> [RECORDS FOR PROCESSING]
◇ ◇ ◇
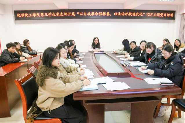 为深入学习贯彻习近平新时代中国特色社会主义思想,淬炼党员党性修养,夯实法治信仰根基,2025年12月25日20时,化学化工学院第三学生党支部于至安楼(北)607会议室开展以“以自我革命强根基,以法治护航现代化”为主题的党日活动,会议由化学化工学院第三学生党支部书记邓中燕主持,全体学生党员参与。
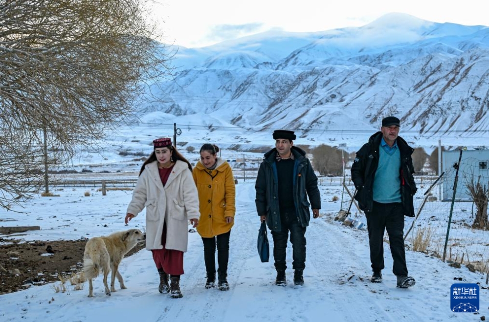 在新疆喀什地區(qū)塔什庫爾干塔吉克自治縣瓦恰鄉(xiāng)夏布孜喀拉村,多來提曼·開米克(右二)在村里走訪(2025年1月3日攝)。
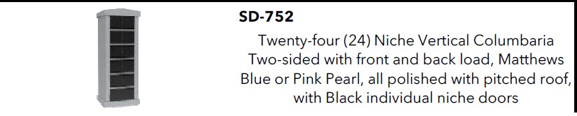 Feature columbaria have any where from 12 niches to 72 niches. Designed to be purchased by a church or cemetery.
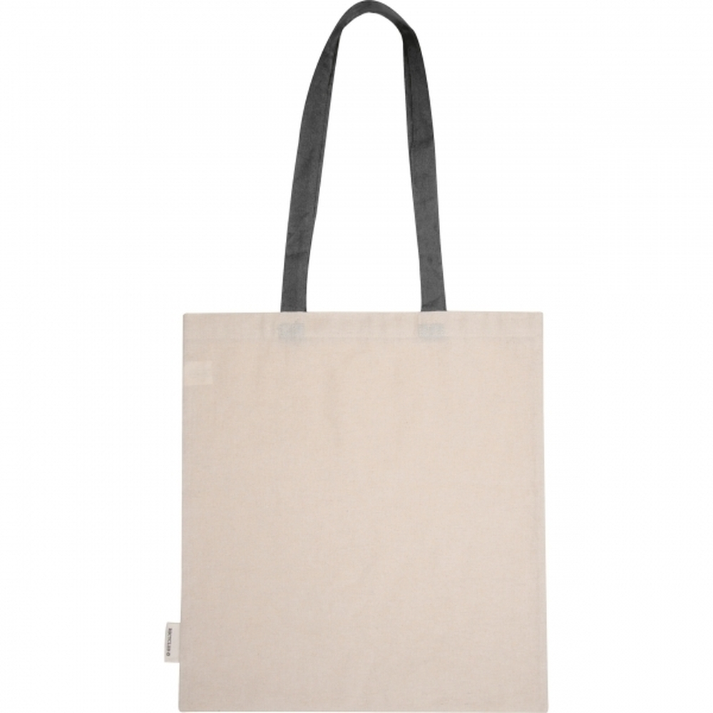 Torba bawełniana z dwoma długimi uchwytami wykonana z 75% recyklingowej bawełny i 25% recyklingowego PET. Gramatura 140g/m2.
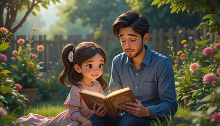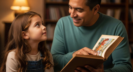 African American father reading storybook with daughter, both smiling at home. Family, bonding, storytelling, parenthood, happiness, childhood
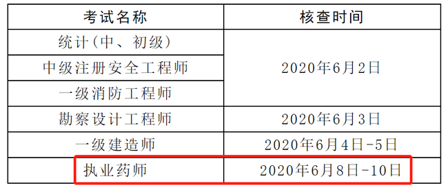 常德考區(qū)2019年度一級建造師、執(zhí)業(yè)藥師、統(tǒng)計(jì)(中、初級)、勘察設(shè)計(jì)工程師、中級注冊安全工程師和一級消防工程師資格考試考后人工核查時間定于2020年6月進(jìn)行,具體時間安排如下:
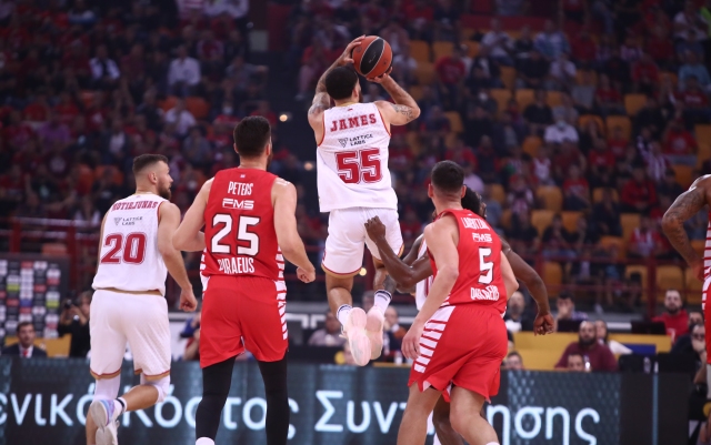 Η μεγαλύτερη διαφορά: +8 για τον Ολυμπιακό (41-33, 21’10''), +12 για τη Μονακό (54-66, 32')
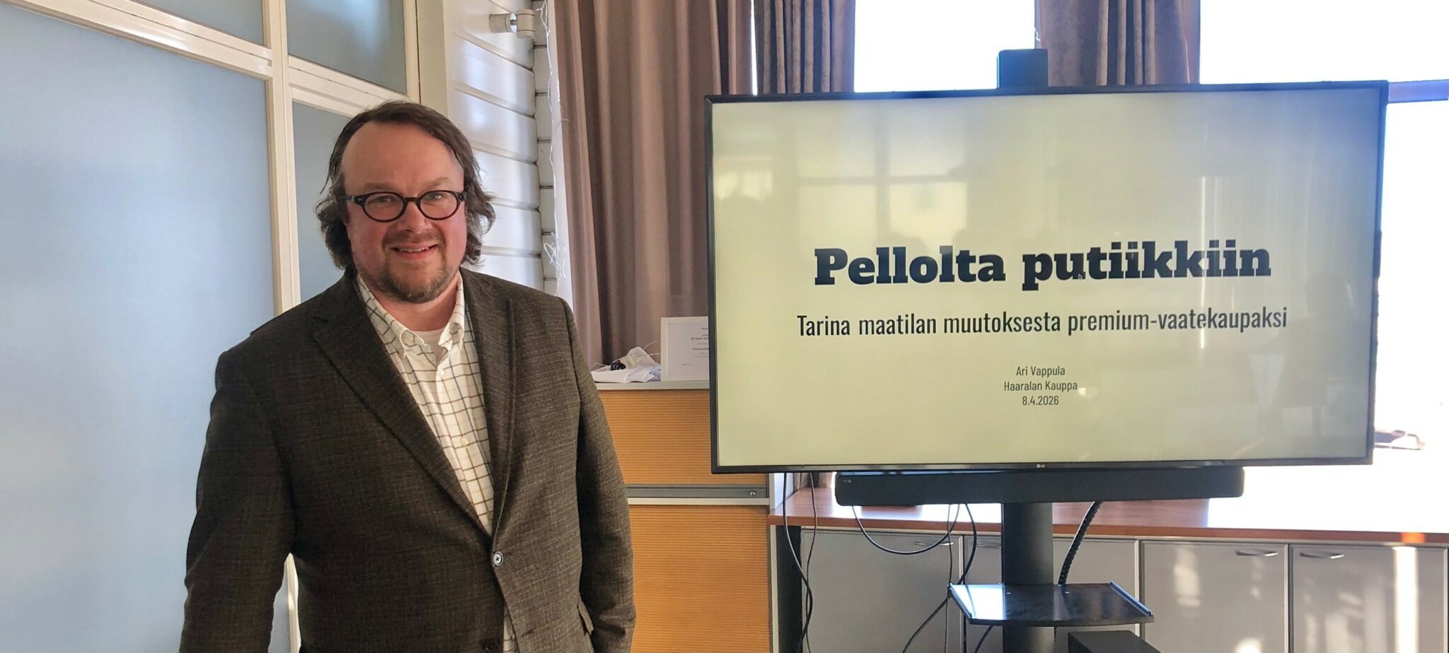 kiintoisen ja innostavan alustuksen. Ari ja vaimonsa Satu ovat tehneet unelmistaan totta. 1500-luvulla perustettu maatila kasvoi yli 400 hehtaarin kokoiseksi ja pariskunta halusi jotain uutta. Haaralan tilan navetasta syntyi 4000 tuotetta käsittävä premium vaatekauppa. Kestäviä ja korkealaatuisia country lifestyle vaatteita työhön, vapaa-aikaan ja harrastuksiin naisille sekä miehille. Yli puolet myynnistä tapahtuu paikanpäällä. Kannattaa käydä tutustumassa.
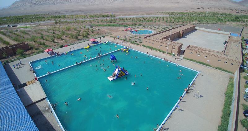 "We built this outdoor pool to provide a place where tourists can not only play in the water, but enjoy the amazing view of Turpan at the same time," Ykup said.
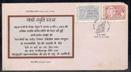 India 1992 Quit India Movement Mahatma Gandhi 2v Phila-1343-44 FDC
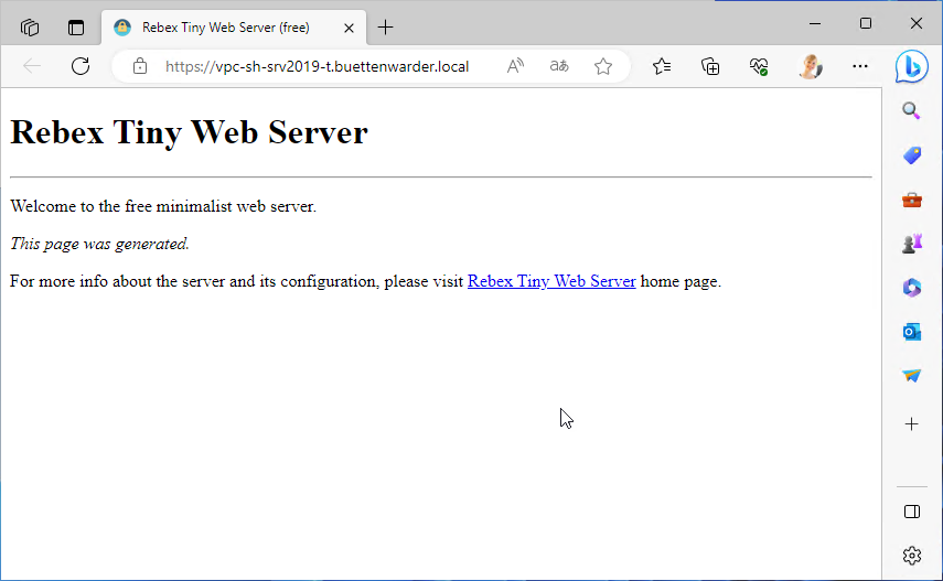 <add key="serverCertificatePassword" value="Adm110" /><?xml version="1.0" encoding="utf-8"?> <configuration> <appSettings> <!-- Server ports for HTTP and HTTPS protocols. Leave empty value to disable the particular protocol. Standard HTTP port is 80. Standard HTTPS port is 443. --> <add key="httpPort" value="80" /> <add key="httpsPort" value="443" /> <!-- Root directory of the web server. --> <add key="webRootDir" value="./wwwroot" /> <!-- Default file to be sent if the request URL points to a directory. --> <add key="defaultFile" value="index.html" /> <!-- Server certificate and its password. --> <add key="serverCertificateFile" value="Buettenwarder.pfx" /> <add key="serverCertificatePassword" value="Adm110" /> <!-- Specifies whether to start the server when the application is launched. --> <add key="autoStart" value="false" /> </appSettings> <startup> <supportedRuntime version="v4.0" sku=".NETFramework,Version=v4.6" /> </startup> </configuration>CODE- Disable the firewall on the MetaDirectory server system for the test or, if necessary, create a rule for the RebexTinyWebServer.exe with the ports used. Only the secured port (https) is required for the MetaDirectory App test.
◇ ◇ ◇
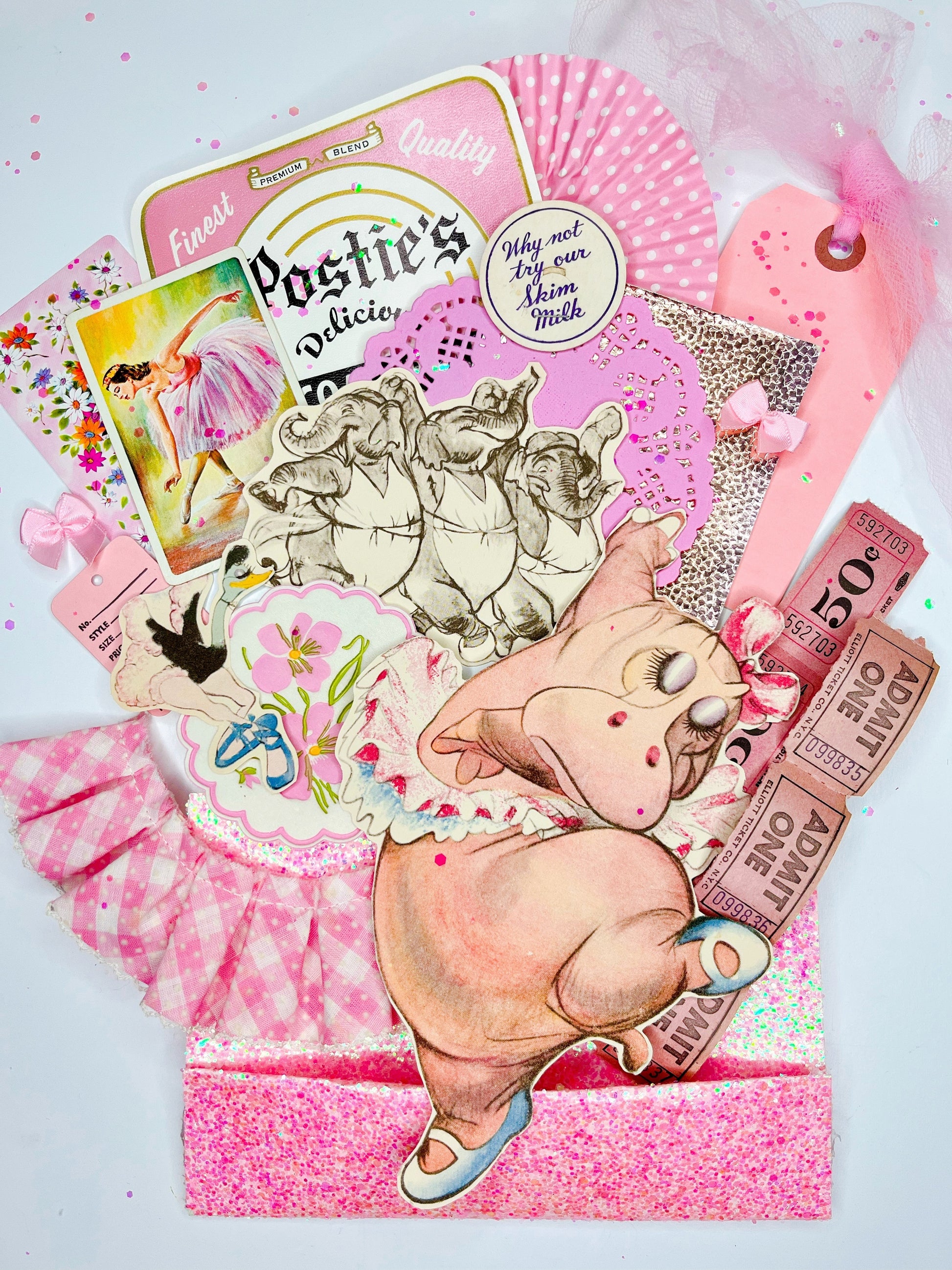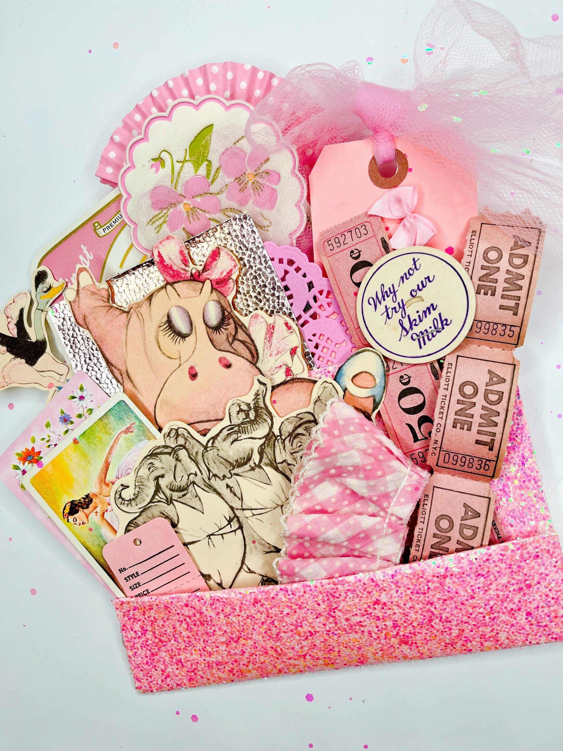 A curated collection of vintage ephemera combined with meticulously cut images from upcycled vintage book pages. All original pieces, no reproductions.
◇ ◇ ◇
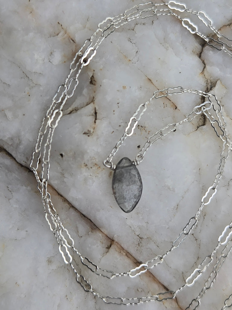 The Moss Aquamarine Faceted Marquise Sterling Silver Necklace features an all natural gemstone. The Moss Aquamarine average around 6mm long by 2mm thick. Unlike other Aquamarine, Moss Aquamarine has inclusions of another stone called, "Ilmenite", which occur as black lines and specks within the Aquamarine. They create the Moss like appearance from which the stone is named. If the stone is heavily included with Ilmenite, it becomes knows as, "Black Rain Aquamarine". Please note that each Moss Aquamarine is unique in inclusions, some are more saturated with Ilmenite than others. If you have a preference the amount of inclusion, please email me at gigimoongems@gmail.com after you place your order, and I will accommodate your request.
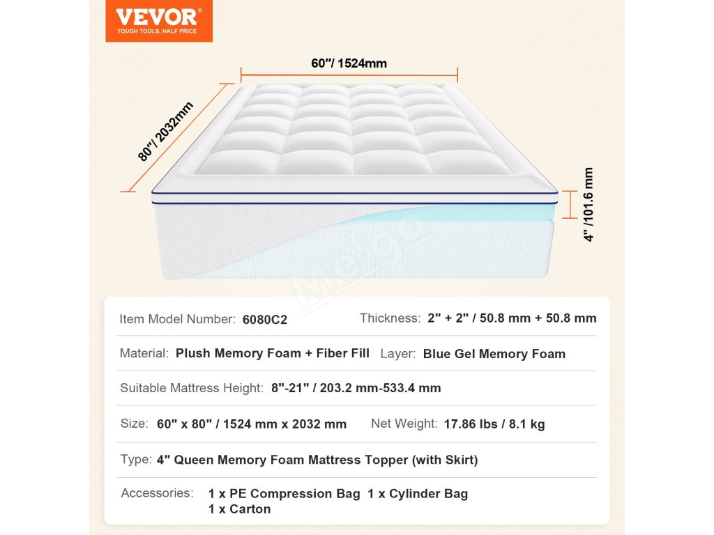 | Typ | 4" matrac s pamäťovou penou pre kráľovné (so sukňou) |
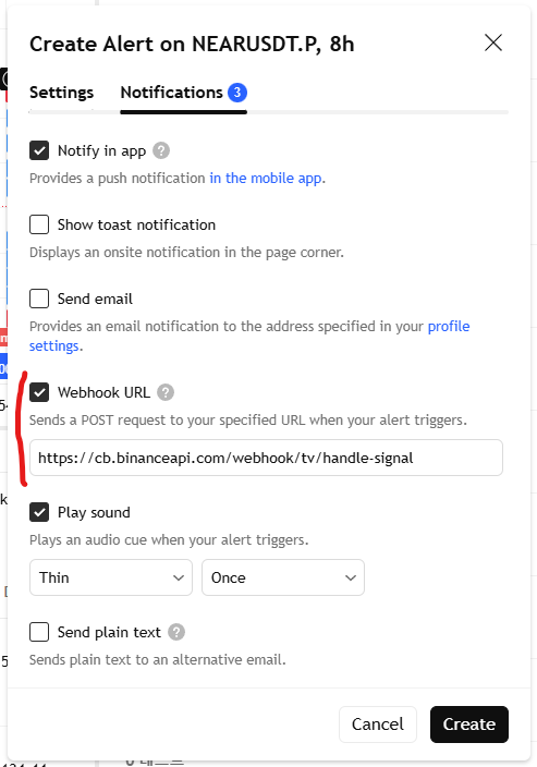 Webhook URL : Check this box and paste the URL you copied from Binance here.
◇ ◇ ◇
> [PROBLEM] Within the entries above, the lines from the one containing "The Moss Aquamarine Faceted" through the one containing "Webhook URL : Check" are to be transcribed exactly, ends included, pictures excluded.

> [ANSWER BOX]
 The Moss Aquamarine Faceted Marquise Sterling Silver Necklace features an all natural gemstone. The Moss Aquamarine average around 6mm long by 2mm thick. Unlike other Aquamarine, Moss Aquamarine has inclusions of another stone called, "Ilmenite", which occur as black lines and specks within the Aquamarine. They create the Moss like appearance from which the stone is named. If the stone is heavily included with Ilmenite, it becomes knows as, "Black Rain Aquamarine". Please note that each Moss Aquamarine is unique in inclusions, some are more saturated with Ilmenite than others. If you have a preference the amount of inclusion, please email me at gigimoongems@gmail.com after you place your order, and I will accommodate your request.
 | Typ | 4" matrac s pamäťovou penou pre kráľovné (so sukňou) |
 Webhook URL : Check this box and paste the URL you copied from Binance here.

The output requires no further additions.